Multiple Perspectives – PUFM teachers will stress the idea that multiple solutions are possible, but also stress the advantages and disadvantages of using certain methods in certain situations. The aim is to give the students a flexible understanding of the content.
Basic Ideas – PUFM teachers stress basic ideas and attitudes in mathematics. For example, these include the idea of an equation, and the attitude that single examples cannot be used as proof.
Longitudinal Coherence – PUFM teachers are fundamentally aware of the entire elementary curriculum (and not just the grades that they are teaching or have taught). These teachers know where their students are coming from and where they are headed in the mathematics curriculum. Thus, they will take opportunities to review what they feel are “key pieces” in knowledge packages, or lay appropriate foundation for something that will be learned in the future.
As you can see, having content knowledge means far more than making sure that you understand the concept yourself. To have rich content knowledge means that you have a deep understanding of the content. It means that you understand which models and visuals might help our students bridge their understanding of concepts and procedures, and when we should use them. Content knowledge involves a strong developmental and interconnected grasp of the content, and beliefs about what is important for students to understand. Those that have strong content knowledge, have what is known as a “relational understanding” of the material and strong beliefs about making sure their students are developing a relational understanding as well!
What is Pedagogical Knowledge?
Pedagogical knowledge, on the other hand, involves the countless intentional decisions we make when we are in the act of teaching. While many often point out essential components like classroom management, positive interactions with students… let’s consider for a moment the specific to mathematics pedagogical knowledge that is helpful. Mathematical pedagogical knowledge includes:
Understanding how to help students construct knowledge and a belief that constructivist principles are necessary to help all students be successful;
Which is More Important: Pedagogy or Content Knowledge?
Tracy Zager during last year’s Twitter Math Camp (Watch her TMC16 keynote address here) showed us Ben Orlin’s graphic explaining his interpretation of the importance of Pedagogy and Content Knowledge. Take a look:
In Ben’s post, he explains that teachers who teach younger students need very little content knowledge, and a strong understanding of pedagogy. However, in the video, Tracy explains quite articulately how this is not at all the case (if you didn’t watch her video linked above, stop reading and watch her speak – If pressed for time, make sure you watch minutes 9-14).

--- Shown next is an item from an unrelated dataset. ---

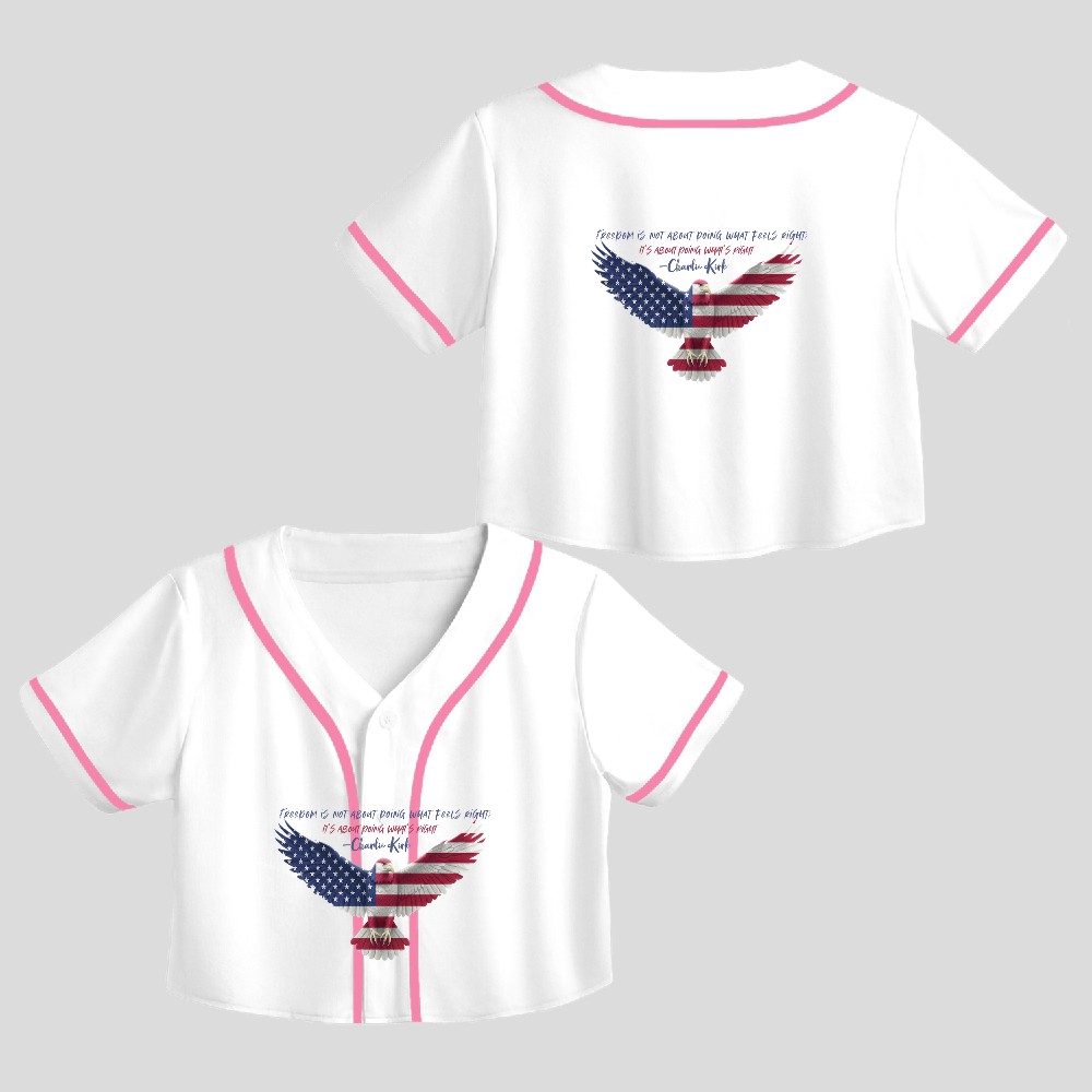 Charlie Kirk Patriotic Eagle Freedom Quote Crop Top Baseball Jersey

In the end, we need to recognize just how important both pedagogy and content are no matter what grade we teach. Kindergarten – grade 2 teachers need to continually deepen their content knowledge too! Concepts that are easy for us to do like counting, simple operations, composing/decomposing shapes, equality… are not necessarily easy for us to teach. That is, just because we can do them, doesn’t mean that we have a Profound Understanding of Foundational Mathematics. Developing our Content Knowledge requires us to understand the concepts in a variety of ways, to deepen our understanding of how those concepts develop over time so we don’t leave experiential gaps with our students!
However, I’m not quite sure that the original question from Michael or that presented by Ben accurately explain just how complicated it is to explain what we need to know and be able to do as math teachers. Debra Ball explains this better than anyone I can think of. Take a look:
Above is a visual that explains the various types of knowledge, according to Deb Ball, that teachers need in order to effectively teach mathematics. Think about how your own knowledge fits in above for a minute. Which sections would you say you are stronger in? Which ones would you like to continue to develop?

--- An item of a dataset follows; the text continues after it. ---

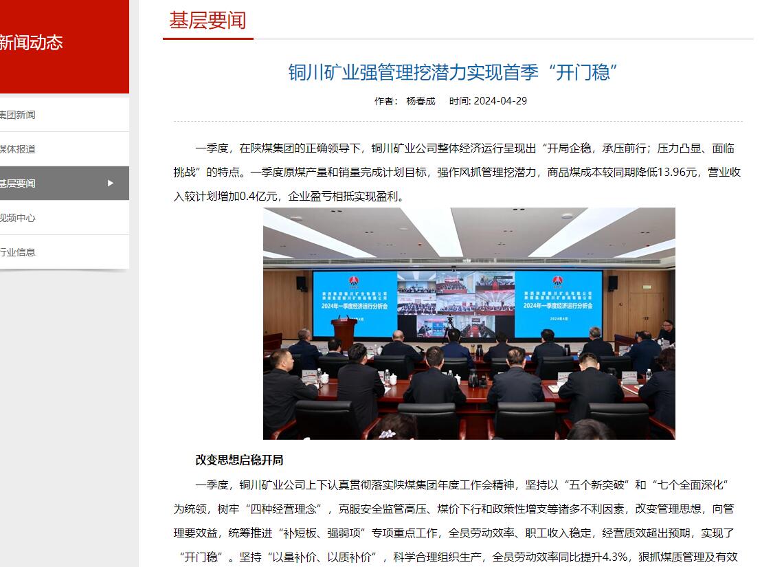 銅川礦業(yè)強(qiáng)管理挖潛力實(shí)現(xiàn)首季“開門穩(wěn)”

Hopefully you are starting to see just how interrelated Content and Pedagogy are, and how ALL teachers need to be constantly improving in each of the areas above if we are to provide better learning opportunities for our students!
What should Professional Development Look Like?
The purpose of this article is actually about professional development, but I felt it necessary to start by providing the necessary groundwork before tackling a difficult topic like professional development.
Considering just how important and interrelated Content Knowledge and Pedagogy are for teaching, I wonder what the balance is in the professional development currently in your area? What would you like it to look like? What would you like to learn?
While the theme here is about effective PD, I’m actually not sure I can answer my own question. First of all, I don’t think PD should always look the same way for all teachers, in all districts, for all concepts. And secondly, I’m not sure that even if we found the best form of PD it would be enough because we will constantly need new/different experiences to grow and learn. I would like to offer, however, some of my current thoughts on PD and how we learn.
Some personal beliefs:
We don’t know what we don’t know. That is, given any simple concept or skill, there is likely an abundance of research, best practices, connections to other concepts/skills, visual approaches… that you are unaware of. Professional development can help us learn about what we weren’t even aware we didn’t know about.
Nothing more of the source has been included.